## How to complete this task
Among the entries below, find the line with "つまりこの「かき揚げ」は「ゲ" and the line with "On a fait le". Return exactly those lines and every line between them, but no pictures.

## Data section
******************************

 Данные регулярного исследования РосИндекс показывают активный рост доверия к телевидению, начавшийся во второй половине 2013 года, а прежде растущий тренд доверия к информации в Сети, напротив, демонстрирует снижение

******************************

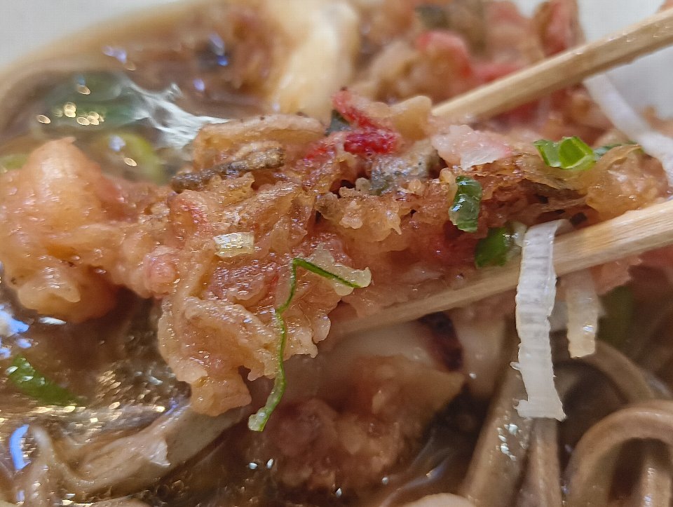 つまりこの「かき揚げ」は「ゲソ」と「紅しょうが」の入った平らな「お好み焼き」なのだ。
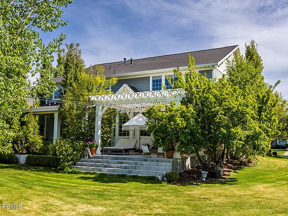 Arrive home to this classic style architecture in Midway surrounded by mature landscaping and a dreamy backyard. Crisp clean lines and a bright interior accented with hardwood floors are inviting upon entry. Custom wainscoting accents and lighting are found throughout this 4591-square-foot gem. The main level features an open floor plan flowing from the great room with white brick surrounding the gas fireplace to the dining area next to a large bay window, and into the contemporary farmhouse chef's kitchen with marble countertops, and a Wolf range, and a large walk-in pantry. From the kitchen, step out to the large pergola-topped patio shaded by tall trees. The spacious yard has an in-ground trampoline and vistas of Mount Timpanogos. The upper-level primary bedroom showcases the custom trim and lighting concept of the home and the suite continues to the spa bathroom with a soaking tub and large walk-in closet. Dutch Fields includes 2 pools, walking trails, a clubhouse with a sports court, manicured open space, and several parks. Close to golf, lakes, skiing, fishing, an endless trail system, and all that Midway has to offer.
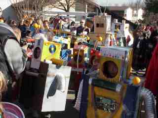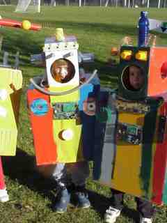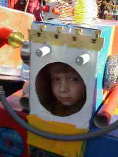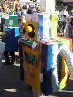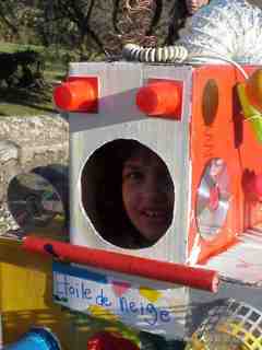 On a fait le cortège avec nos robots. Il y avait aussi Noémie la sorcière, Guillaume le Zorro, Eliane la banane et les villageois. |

******************************

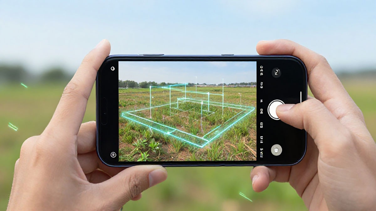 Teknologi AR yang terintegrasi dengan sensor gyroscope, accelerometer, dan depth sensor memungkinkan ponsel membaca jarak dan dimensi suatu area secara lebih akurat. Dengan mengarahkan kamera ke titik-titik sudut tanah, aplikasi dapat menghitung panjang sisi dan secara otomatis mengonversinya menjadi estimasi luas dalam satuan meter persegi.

******************************

## Solution to the exercise
 つまりこの「かき揚げ」は「ゲソ」と「紅しょうが」の入った平らな「お好み焼き」なのだ。
 Arrive home to this classic style architecture in Midway surrounded by mature landscaping and a dreamy backyard. Crisp clean lines and a bright interior accented with hardwood floors are inviting upon entry. Custom wainscoting accents and lighting are found throughout this 4591-square-foot gem. The main level features an open floor plan flowing from the great room with white brick surrounding the gas fireplace to the dining area next to a large bay window, and into the contemporary farmhouse chef's kitchen with marble countertops, and a Wolf range, and a large walk-in pantry. From the kitchen, step out to the large pergola-topped patio shaded by tall trees. The spacious yard has an in-ground trampoline and vistas of Mount Timpanogos. The upper-level primary bedroom showcases the custom trim and lighting concept of the home and the suite continues to the spa bathroom with a soaking tub and large walk-in closet. Dutch Fields includes 2 pools, walking trails, a clubhouse with a sports court, manicured open space, and several parks. Close to golf, lakes, skiing, fishing, an endless trail system, and all that Midway has to offer.
 On a fait le cortège avec nos robots. Il y avait aussi Noémie la sorcière, Guillaume le Zorro, Eliane la banane et les villageois. |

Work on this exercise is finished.